L’allontanamento da un mondo chiuso e protetto innesca in lui un processo di formazione: progressivamente rifiuta una concezione della vita meramente contemplativa a favore di un impegno testimoniale sofferto, ma sempre ben radicato nel mondo, proprio là dove – nell’esercizio del potere – il bene e il male si avvicinano fino a confondersi.

Anche dal punto di vista storiografico le sue ricostruzioni variano sensibilmente nel corso del romanzo: al resoconto scandalizzato dei vizi di corte, si sostituisce una comprensione sempre più profonda delle dinamiche politiche, dei perversi giochi di potere che dominano il palazzo.

Al centro della scena narrativa è collocato il giovanissimo Teofilatto dei conti di Tuscolo, il prepotente e prevaricatore papa Benedetto IX: quando Vilderico gli viene affiancato in qualità di precettore, la sua vicinanza agisce sul pontefice radicalizzandone i comportamenti scandalosi, come se fra i due si innescasse una sfida alla reciproca conversione.

La maturazione di Vilderico subisce un’accelerazione a contatto di un altro personaggio storico: Ildebrando di Soana, il futuro papa Gregorio VII. Egli è portatore di un progetto di rinnovamento della Chiesa, che viene avversato dalle potenti famiglie romane, impegnate a contendersi la successione al soglio pontificio. Nell’interpretazione di Rosso si tratta di un progetto destinato a rimanere minoritario e ad essere sconfitto sul piano della storia, e non è dunque un caso che il pontificato di Gregorio VII rimanga escluso dal romanzo. La storia della Chiesa appare la somma di secoli di falsificazioni, ammassate a ricoprire la feroce ambizione del potere, di cui Benedetto IX rappresenta l’immagine emblematica.
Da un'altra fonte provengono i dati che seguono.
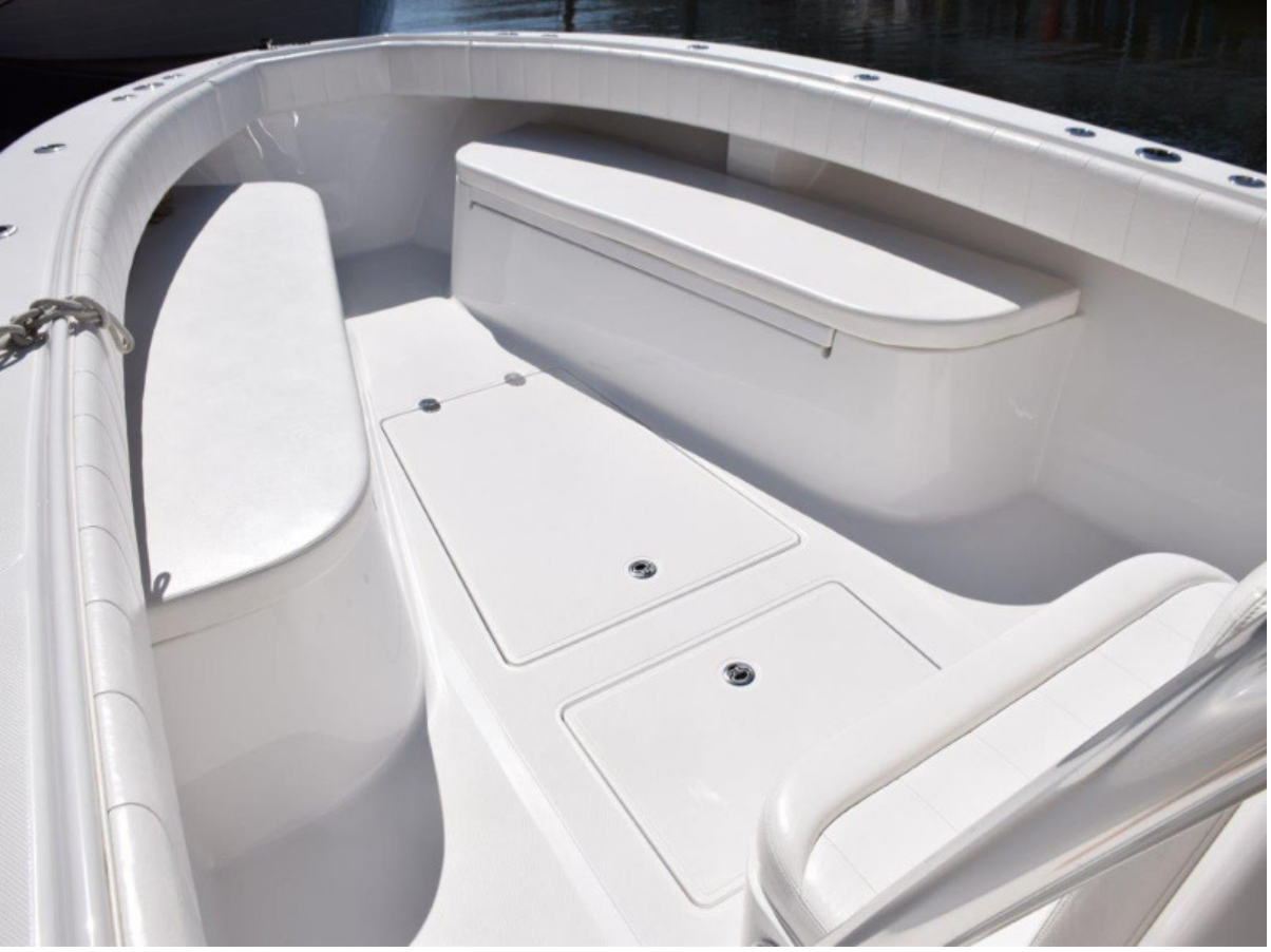
Forward seating, full coaming pads

Nei resoconti epistolari di Vilderico, egli è rappresentato come un individuo soggiacente alle pulsioni più basse e sfrenate, esponente di un paganesimo perverso che esercita un potere assoluto attraverso una rete di protezioni e clientele con l’unica finalità del soddisfacimento dei propri appetiti più animaleschi. Roma a sua volta appare una sorta di Babilonia, una città paganeggiante, immorale e blasfema, dove grandezza e rovina, palazzi sontuosi e cloache convivono annullandosi le une nelle altre. A contatto con questa realtà Vilderico, che è e rimane un uomo di fede, passa attraverso diverse fasi: il rifiuto, la crisi spirituale, la perplessa interrogazione sui disegni divini, la testimonianza di una fede autenticamente vissuta e libera dalla sudditanza nei confronti dell’istituzione ecclesiastica.

Il romanzo vede nella Chiesa l’espressione esasperata ed estrema della struttura del potere in sé: un potere opaco, distaccato da Dio e dagli uomini, che corrompe e falsifica, che si autoalimenta e si autoregola in base a leggi separate dal corpo sociale. Ad esso contrappone l’idea di una

religiosità svincolata da qualsiasi struttura istituzionale, vissuta come momento personale ed interiore: una concezione privata della fede, che risente fortemente di una moderna sensibilità.